Before becoming a researcher, I was your average React-TypeScript-wielding product engineer. But I always had a side hobby and interest in building knowledge tools to help people learn and read quickly and things like that. At the start of this year, I decided to take a year off from work to dive deeper into that question.

I spent the first half of the year looking at classic natural language processing (NLP) approaches to that question. Since May or June, I've been looking at more language model-based approaches.

How he does his research

I research generative AI, but I also use a lot of generative AI tools in my workflow. Some of those tools are ones I’ve built myself—I have an array of personal micro-tools that support what I do. I also use a few publicly available AI tools. The ones I want to share today break down into two big categories: tools for reading, and tools for personal knowledge management—like notes and search.

We’ll start with tools for reading.

Tools for reading

To find papers to read I use Elicit

A big part of research is figuring out what to read. It’s important to be able to do literature reviews and find papers that are relevant to the question you’re interested in.

Elicit is a literature review tool that uses language models to aid in people searching for what to read to answer a question. I might have a question like, "How does the depth of a transformer model affect its language modeling performance?" This is a fairly technical question, but it’s basically asking, "How does one part of the model’s structure affect its performance?"

Normally if I had this question I would Google something like, "language model depth paper." Then I have to look at each link to figure out: does this answer the question? Who is it by? Is it a reputable paper? What are the results?

It’s a time-intensive process. But Elicit changes that. If I ask a question in Elicit, it churns on it for a little bit and then outputs a list of relevant papers:

(A screenshot of Elicit)

The papers it finds are great. it also outputs a summary of the abstract, so I can quickly tell if the paper is going to answer the question that I have. It has filters for things like the number of participants in the study or what the intervention was in the study, which is relevant for social science papers.

This is a good way to just discover new papers, especially because there are paper links that you see on Twitter, but they're so biased towards the last couple of months, and this gets you historical papers that you might have missed.

ExplainPaper helps me understand dense papers

A new tool I’ve been using to help me read papers is called ExplainPaper. If you put in a paper, you can highlight any section of that paper and the tool will explain it to you.

This is useful for me because I don't come from a machine learning background, but I spend a lot of time reading papers to do the research I’m interested in.

Sometimes there are papers that are clearly written by engineers and other papers are clearly written by mathematicians. The ones that are written by mathematicians are just hard to wrap your mind around if you don't come from that world because they're a little bit too dense.

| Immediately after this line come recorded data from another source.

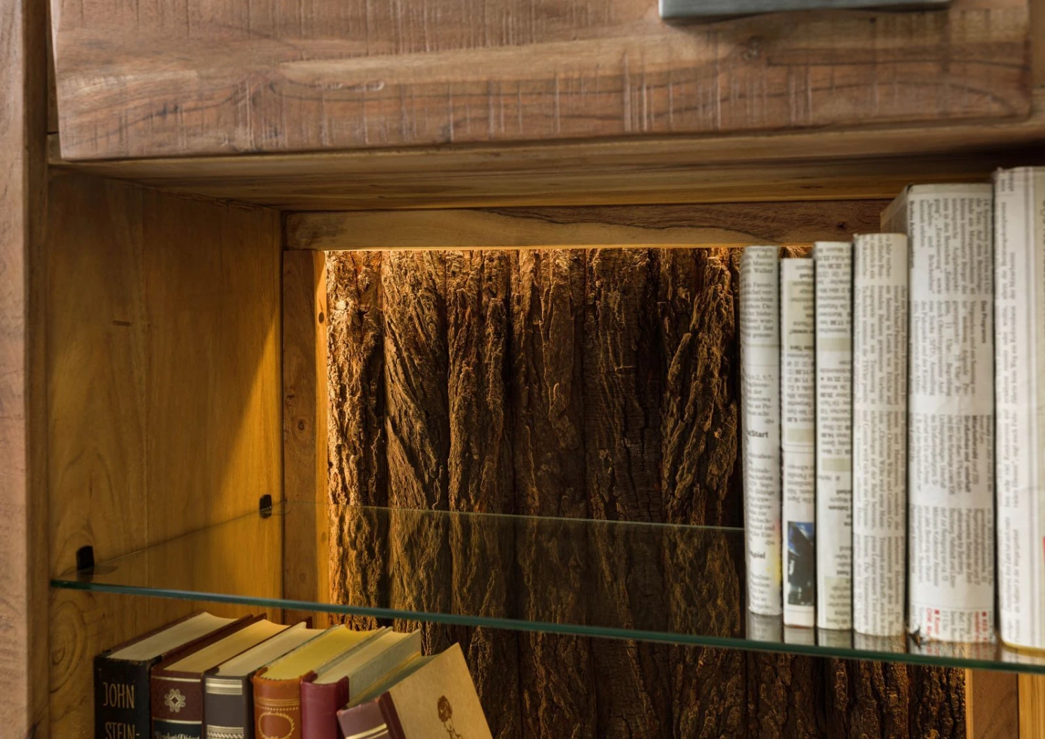 Cette armoire faisant aussi office de bibliothèque sera le complément parfait pour un agencement chaleureux dans son décor naturel. Son rangement pourra accueillir non seulement vos livres mais tout autres bibelots ou votre minibar. Doté d´un éclairage LED tamisé, le décor décorce de bois dacacia assurera un effet d´originalité sans pareil.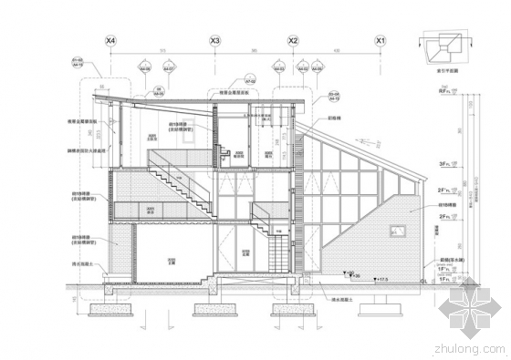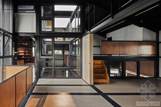 构造有以下特点:a. 2楼以上全部结构楼地板采用降板方式镶嵌在梁结构的框架单元中,此作法产生的效果是全部外墙可在不经刻意修饰的情况下完整呈现纯粹的梁柱构成样貌,室内地板也刻意呈现了钢梁的存在,与木质地板形成几何图案,成为2楼及3楼地板的特色。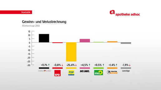 Bei der APOTHEKE ADHOC Wahlumfrage 2013 erhielt die Union die Mehrheit der Stimmen. Die AfD liegt vor der FDP, die SPD würde genauso an der 5-Prozent-Hürde scheitern wie Bündnis 90/Die Grünen und die Piraten.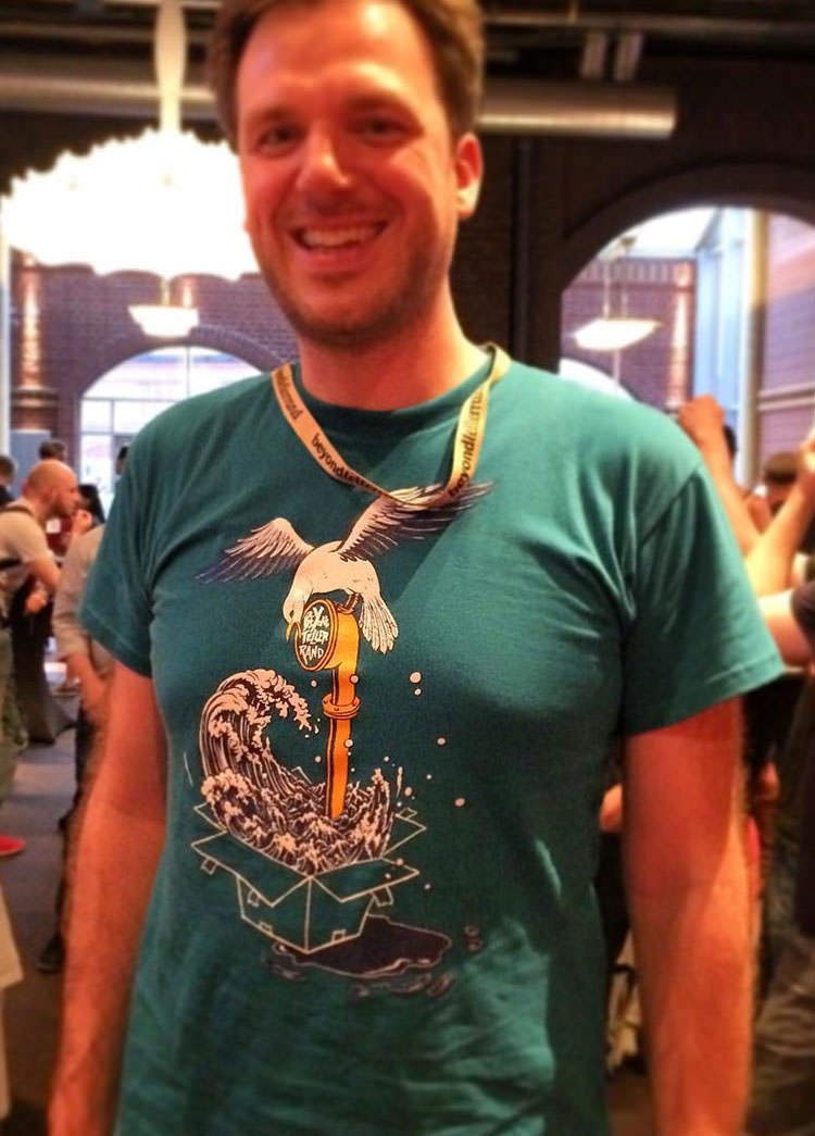 When Yuko said yes, it was nice to see how the design evolved. We decided to set the actual periscope logo as the base and she sent three rough sketches of ideas. We agreed on one, fine-tuned the idea and then she started sketching the actual design. Yuko then teased us with details of the final artwork (which I love, as I like to keep the design stuff secret until attendees actually arrive at the event, but teasing is lovely). When I got the final piece, I was super happy. I had to tease people a bit more when Holger and I proof printed the final color decision on my beyond tellerrand Instagram account. I myself am absolutely pleased with the outcome and I have seen, that many people already have worn the t-shirt on the second day of the event – so it seems they liked it as well.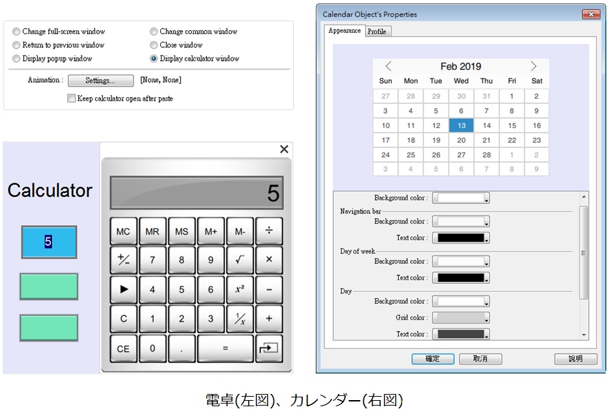 [オブジェクト]タブà[時間関連]à[カレンダー]を押せば、下図右のような[カレンダー]オブジェクト属性ダイアログボックスが開かれます。本オブジェクトは単一の固定フォーマットしかありませんが、色を変更可能です。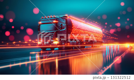 Red truck with illuminated trailer driving on highway at night
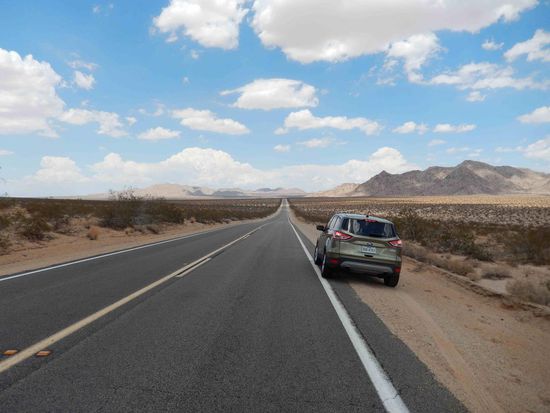 Die Luft im Nationalpark war zwar sehr warm aber noch angenehm. Dies sollte sich sehr schnell ändern! Wir fuhren nun rund 200 KM durch die Wüste, schnurgerade Straße, kaum andere Autos. Die Temperaturanzeige im Wagen zeigte eine Außentemperatur von 110 Grad Fahrenheit, was ca. 40 Grad Celsius entspricht. Wir wollten nicht mehr aussteigen.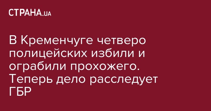 Пьяные полицейские вечером 27 декабря вчетвером напали на прохожего, избили его и ограбили. Всех нападавших задержали сегодня. В Полтавской области задержаны четыре сотрудника патрульной полиции, которых подозревают в совершении разбойного нападения на прохожего. Об этом в субботу, 29 декабря, сообщает пресс-служба ГБР.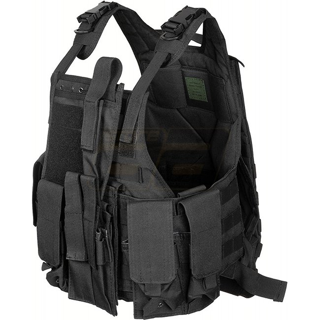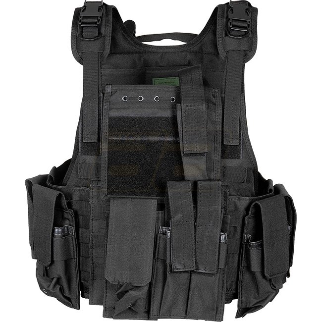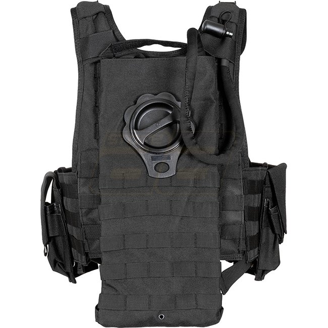 MFH Ranger Vest - Black: Tactical vest with integrated hydration system, multiple pouches, and Molle loop system. Adjustable fit, detachable parts, and made of 100% Polyester fabric.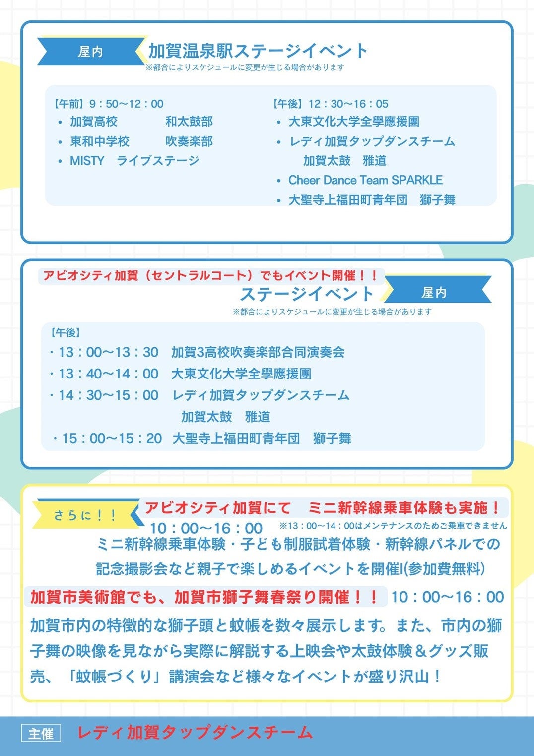 主催:加賀市獅子舞を応援する会 連絡先:090-1636-5563(山口)

In ExplainPaper I can highlight a sentence that talks about an equation or a rule, and it will summarize and explain something that might be unclear:

(A screenshot of ExplainPaper)

I built a visual summarization tool for scanning through articles quickly

I read a lot, and sometimes I want to be able to get the most important parts of an article without having to read the whole thing. The obvious solution to this is a summarizer—but summaries have lots of limitations.

A summary is taking one wall of text and trying to get into a smaller wall of text. But you still have to scan through the summary. If you want to expand a specific point in the summary, you have to go back to the original text.

So, instead, I built a tool called CoStructure. It creates a visual heat map on top of an article to show me the most important sentences. So I can quickly jump to what’s most important without having to read the whole article.

I create the heatmaps with what’s called extractive summarization, which tries to identify sentences in the text that are most representative of the text as a whole by ranking every sentence in a text according to how many other sentences are similar to it. So if one sentence contains lots of topics that many other sentences mention, it ranks higher and is probably more central to the topic of the post.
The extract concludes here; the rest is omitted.